Ayer, junto con
otros compañeros, estuve confesando a un nutrido grupo de niños y niñas de 10 y
11 años. Para facilitar el encuentro, antes incluso de hacer la señal de la cruz,
los acogí con un breve saludo: Buon
giorno, come stai? (Buenos días, ¿cómo estás?). Ellos, con pocas variantes,
me respondieron: Molto bene, e tu? (Muy
bien, ¿y tú?). El molto bene lo
encuentro lógico. Es la respuesta cortés que siempre se da. Lo que me sorprendió fue ese ¿Y tú? dicho con total espontaneidad y con
la perfecta vocalización típica de los niños italianos. Era una forma de entrar
en diálogo, de ponerse a la altura de un adulto. Algunos vacilaban entre
tratarme de usted o de tú, pero la mayoría optó por el tú sin titubeos. A
partir de ahí, con idéntica naturalidad, comenzaban a desgranar sus pecados. En
ningún caso observé miedo, vacilación o disgusto. Al contrario, para ellos era
agradable compartir lo que vivían en su casa, en el colegio y con sus amigos. Casi
todos me confesaban que por la noche hablaban
con Jesús. Uno, que debía de tener ya casi 12 años, me dijo con mucha
sinceridad que no estaba seguro de creer en Jesús porque hasta ahora no lo había
visto. Era su primera “crisis de fe”.
Regresé a casa sereno, con la impresión de haber sido introducido en los misterios
de la Semana Santa a través del magisterio limpio de unos niños libres y
felices. Se encuentran en esa franja de edad en la que ya no son niños pequeños
–de hecho, saben muchas cosas–, pero no han atravesado todavía la línea roja de
la desconfianza.
Los adultos hemos
perdido la capacidad de llamar a las cosas por su nombre y de sentirnos a gusto
actuando así. La educación moralizante y las experiencias negativas nos
convierten en maestros en el arte del fingimiento, los eufemismos, la
diplomacia y en algunos casos la ocultación. Llega un momento en que tenemos
miedo de la realidad. Si algo supone el sacramento de la Reconciliación, como
experiencia humana, es disfrutar de un espacio en el que podemos volver a
llamar a las cosas por su nombre sin tener que guardar las apariencias, sin la
obsesión de presentar una imagen arreglada
y, por supuesto, sin temor a ser juzgados por lo que somos. ¡Lástima que muchas
personas hayan perdido esta posibilidad liberadora por culpa de experiencias negativas
vividas en el pasado o simplemente por vergüenza, inhibición o falta de oportunidades!
Donde no tenemos posibilidad de disfrutar de experiencias genuinas de reconciliación
y sabiduría solemos recurrir a las terapias. Una persona que nunca puede
ventilar su conciencia con libertad, que no se siente escuchada con respeto y
atención, que no experimenta la gracia del perdón, acaba siendo prisionera de
sí misma.
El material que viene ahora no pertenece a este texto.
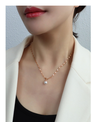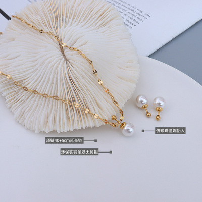 French niche design choker imitation pearl earrings clavicle chain necklace titanium steel 18k gold jewelry set
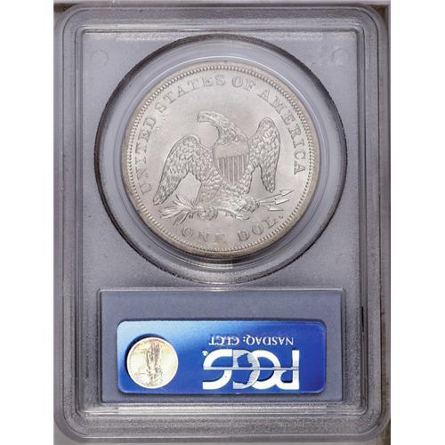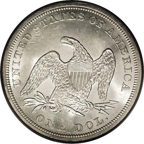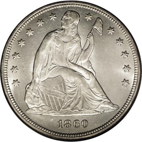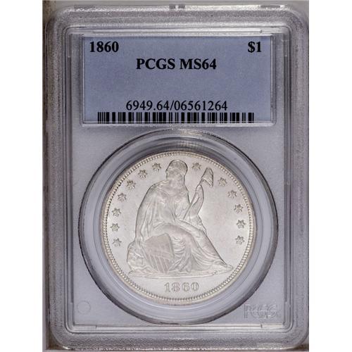 <B>1860<img border='0' src='http://www.heritagecoins.com/images/star.gif' width=10 height=10>$1> MS64 PCGS.</B></I> An extraordinary 1860 Seated dollar. The surfaces exude a warm, satiny glow and are completely brilliant overall. Sharply struck, the coin is nearly abrasion-free with the only mentionable distractions being a couple of milling marks below the D of UNITED on the reverse. The fields have light die striations, and as a result give the coin even more brilliance and visual appeal. Population: 34 in 64, 5 finer (4/06).
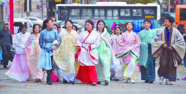 提到中国传统服装,很多人对满族样式的旗袍和立领的中山装比较熟悉。但近年来,越来越多年轻人喜欢上了汉服,从汉代的曲裾、唐代的齐胸襦裙、宋代的褙子到明代的袄裙,汉服种类丰富,气质优雅。参加这次活动大二男生后扬说:“汉服可以带来一种归属感。”可以这样说,年轻一代在各国文化的交流碰撞中长大,越发想找回自己民族的感觉,着汉服是在寻根。
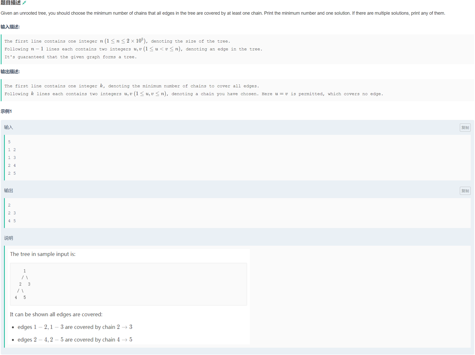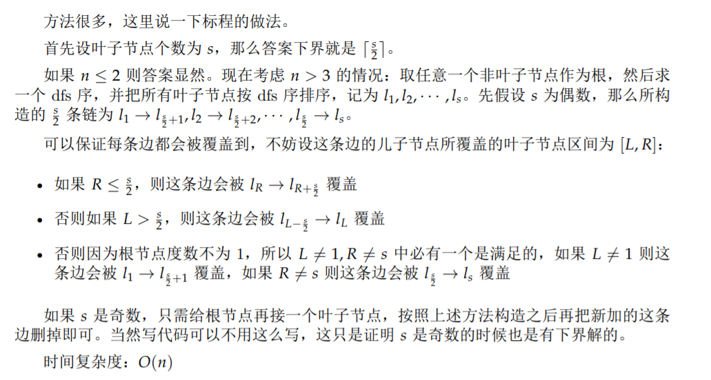 首先你从以一个度不为1的点作为根节点。然后你每次都连接一个叶子节点,这样显然是所有的边都可以被覆盖。即答案为度为1的点的个数,但是这样显然很大,可以优化,可以相当于把根节点当作中间节点,让叶子节点两两相连,显然答案已经出来了,就是但是怎么两两配对是一个问题,我比赛的时候差不多已经想到了dfs序,但是还是没写出来,下面就直接看标程吧。

A primera vista, parece más autónoma, más fuerte, pero, en realidad,
se asienta sobre bases muy frágiles. Solo los que se abajan son realmente
fuertes.
¡Cómo me gustaría
acercarme al sacramento con la frescura y libertad con que lo hicieron ayer los
niños a los que confesé! Reconozco que me ayudaron más que algunas reflexiones
sesudas que he leído sobre la teología del sacramento. Los pequeños siempre son maestros de las cosas importantes.